ユニクロを展開するファーストリテイリングの柳井正会長兼社長は、夜の付き合いをほとんどしない。仕事が終わると真っすぐに帰宅し、本を読みながらビジネス戦略を練るという。ハフポスト日本版編集長の竹下隆一郎氏は「柳井氏のような内向的な人が結果を出せる時代に変わった」と指摘する――。

撮影=若杉憲司

※本稿は、竹下隆一郎『内向的な人のためのスタンフォード流 ピンポイント人脈術』(ディスカヴァー・トゥエンティワン)の一部を再編集したものです。

■「内向的」な人が世界を大きく変える

「内向的」という言葉を辞書で引くと、「心の働きが自分の内部にばかり向かうさま」と書かれています。類語辞典を引くと、「内気」や「消極」の文字が並びます。

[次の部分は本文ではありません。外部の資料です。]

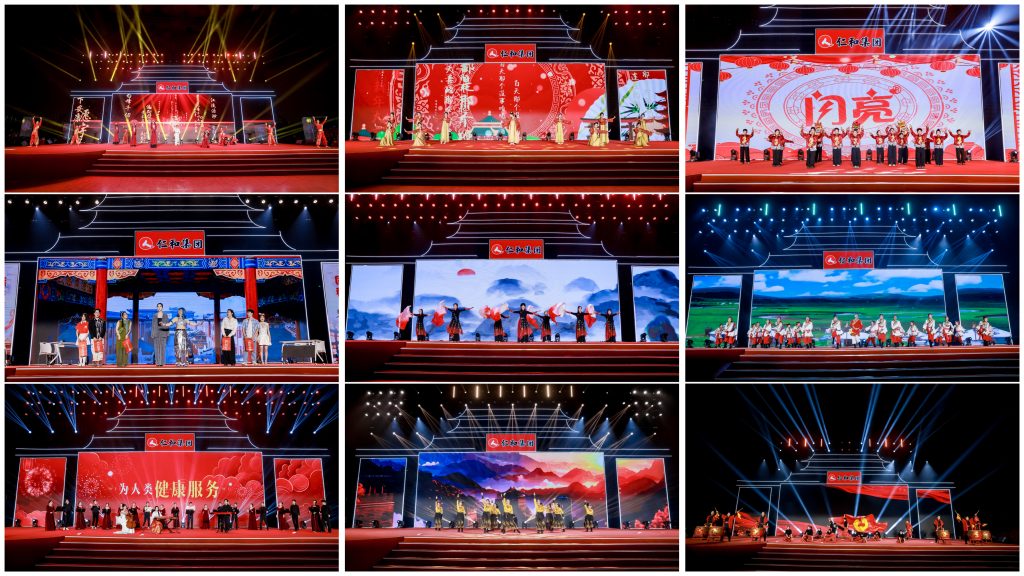 晚會以“科技賦能、文化聚力”為主線,通過歌舞、情景劇、合唱等多元形式,展現仁和集團在過去一年中的奮斗足跡與創新成果,擘畫新一年的發展藍圖。本次盛典在仁和863科技園及主會場同步進行新春氛圍營造,以紅色主題、傳統與現代元素相融合的布景,營造出喜慶祥和的節日氛圍,彰顯了仁和深厚企業文化底蘊。

どこかネガティブで暗いイメージが付きまとっている言葉であるのは確かです。

しかし今の時代、「暗い」とされてきた目立たない存在が、社会のルールを大きく変えるゲームチェンジャーである可能性が高まっていると僕は確信しています。

なぜ私が内向的な人ほどビジネスに強いと思うようになったのか。それは、ユニクロを展開するファーストリテイリングの会長兼社長の柳井正さんを取材したことがきっかけです。

尖閣諸島をめぐる対立で、日中関係が悪化していた2012年のこと。

ユニクロをはじめ中国に進出した日本企業にも厳しい目が向けられ、激しいデモが起きていました。ビジネスパーソンとして、そうした反日感情にどう向き合うのかを聞きに行ったのです。

■内面ととことん向き合い、ビジネスの展望を描く

柳井さんは、新しく出店したサンフランシスコの店舗の記念式典で挨拶に立った中国系の市長の話をしました。政治関係が冷え込んでも、経済交流を通して日中関係を維持する大切さの事例だったからです。

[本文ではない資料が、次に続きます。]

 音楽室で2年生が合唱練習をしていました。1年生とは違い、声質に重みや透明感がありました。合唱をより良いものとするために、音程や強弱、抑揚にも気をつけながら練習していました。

柳井さんは熟考しながらゆっくりと話す姿が印象的でした。執務室の机には英語の雑誌やニュースレターが積まれていました。

後ほど関係者に聞くと、柳井さんは、夜の付き合いをあまりせず、仕事を終えると真っ先に自宅に帰ることが多いといいます。そこで本を読み、将来のビジネス展開について徹底的に考え抜いている。

だからこそ、日中関係のようなデリケートなテーマについても深く答えることが可能だったのだと思います。

インタビューの様子から、自分の「内面」と向き合っている経営者だと感じました。

柳井さんは日本を代表する経営者です。そして、私は柳井さんのように、自分の心の中と向き合っている人ほど激動の時代には強いと思います。

自分の仕事や会社にとって何が最善で、自分はどうしたいのか。それを常に考えているからです。

インターネット社会では、嫌でも大量の情報が入ってきます。新聞やテレビを見ない人でも、何げなく見たスマートフォンを通して最新のニュースは入るはずです。

日本だけでなく世界中の情報が自然と手に入る現代では、意識して自分と向き合うことが重要なのではないか。そんなことに気付かされました。

■情報を入手することの価値が薄まっている

内向的な人の方が結果を出せるのではないか――。そのことについて考えるためには、「情報のフラット化」という社会の変化について知るところから始めないといけません。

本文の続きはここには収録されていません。